_Aim of the exercise_
Beneath this sentence is a listing. Return its lines from the one containing "近日,安徽省工业和信息化厅公" through the last, exactly, and omit the pictures.
____ Records provided
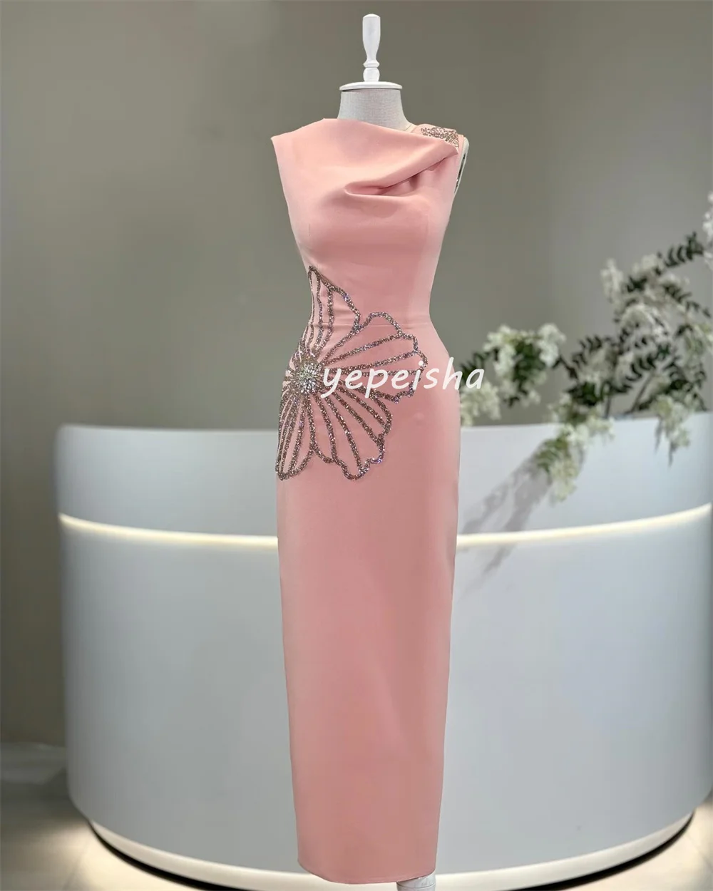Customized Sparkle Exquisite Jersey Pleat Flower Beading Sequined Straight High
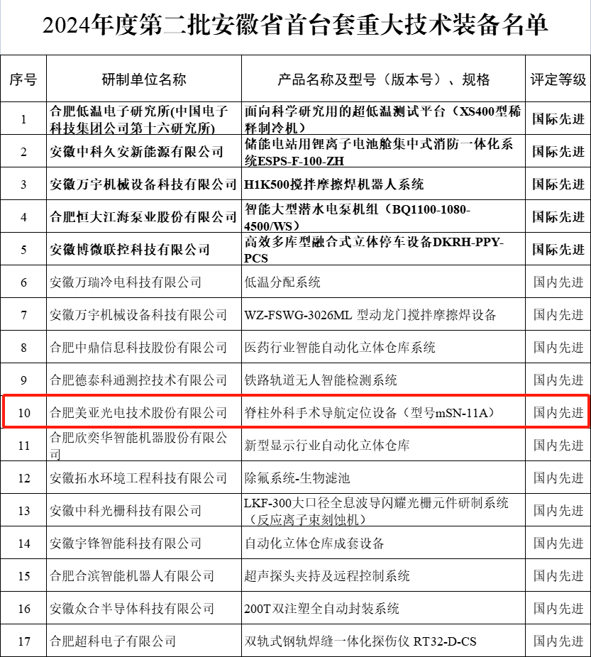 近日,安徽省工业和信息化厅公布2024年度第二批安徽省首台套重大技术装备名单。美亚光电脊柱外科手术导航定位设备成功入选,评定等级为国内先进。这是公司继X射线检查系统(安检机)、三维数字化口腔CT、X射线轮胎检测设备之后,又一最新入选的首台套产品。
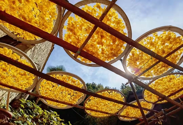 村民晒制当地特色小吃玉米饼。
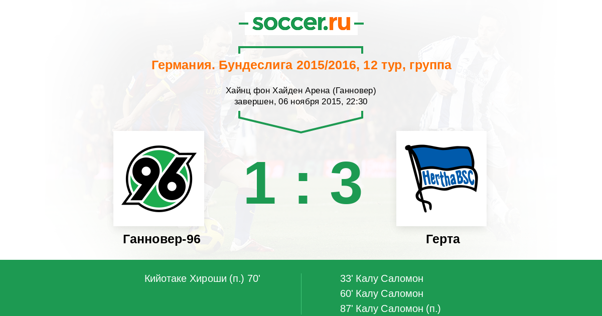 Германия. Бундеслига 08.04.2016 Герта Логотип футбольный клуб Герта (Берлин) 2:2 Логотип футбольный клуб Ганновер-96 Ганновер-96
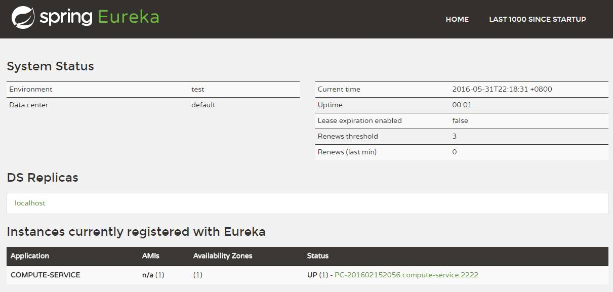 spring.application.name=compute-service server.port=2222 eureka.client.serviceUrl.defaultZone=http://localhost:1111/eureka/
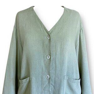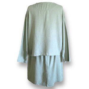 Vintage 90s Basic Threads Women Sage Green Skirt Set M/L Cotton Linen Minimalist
________
_Solution_
 近日,安徽省工业和信息化厅公布2024年度第二批安徽省首台套重大技术装备名单。美亚光电脊柱外科手术导航定位设备成功入选,评定等级为国内先进。这是公司继X射线检查系统(安检机)、三维数字化口腔CT、X射线轮胎检测设备之后,又一最新入选的首台套产品。
 村民晒制当地特色小吃玉米饼。
 Германия. Бундеслига 08.04.2016 Герта Логотип футбольный клуб Герта (Берлин) 2:2 Логотип футбольный клуб Ганновер-96 Ганновер-96
 spring.application.name=compute-service server.port=2222 eureka.client.serviceUrl.defaultZone=http://localhost:1111/eureka/
 Vintage 90s Basic Threads Women Sage Green Skirt Set M/L Cotton Linen Minimalist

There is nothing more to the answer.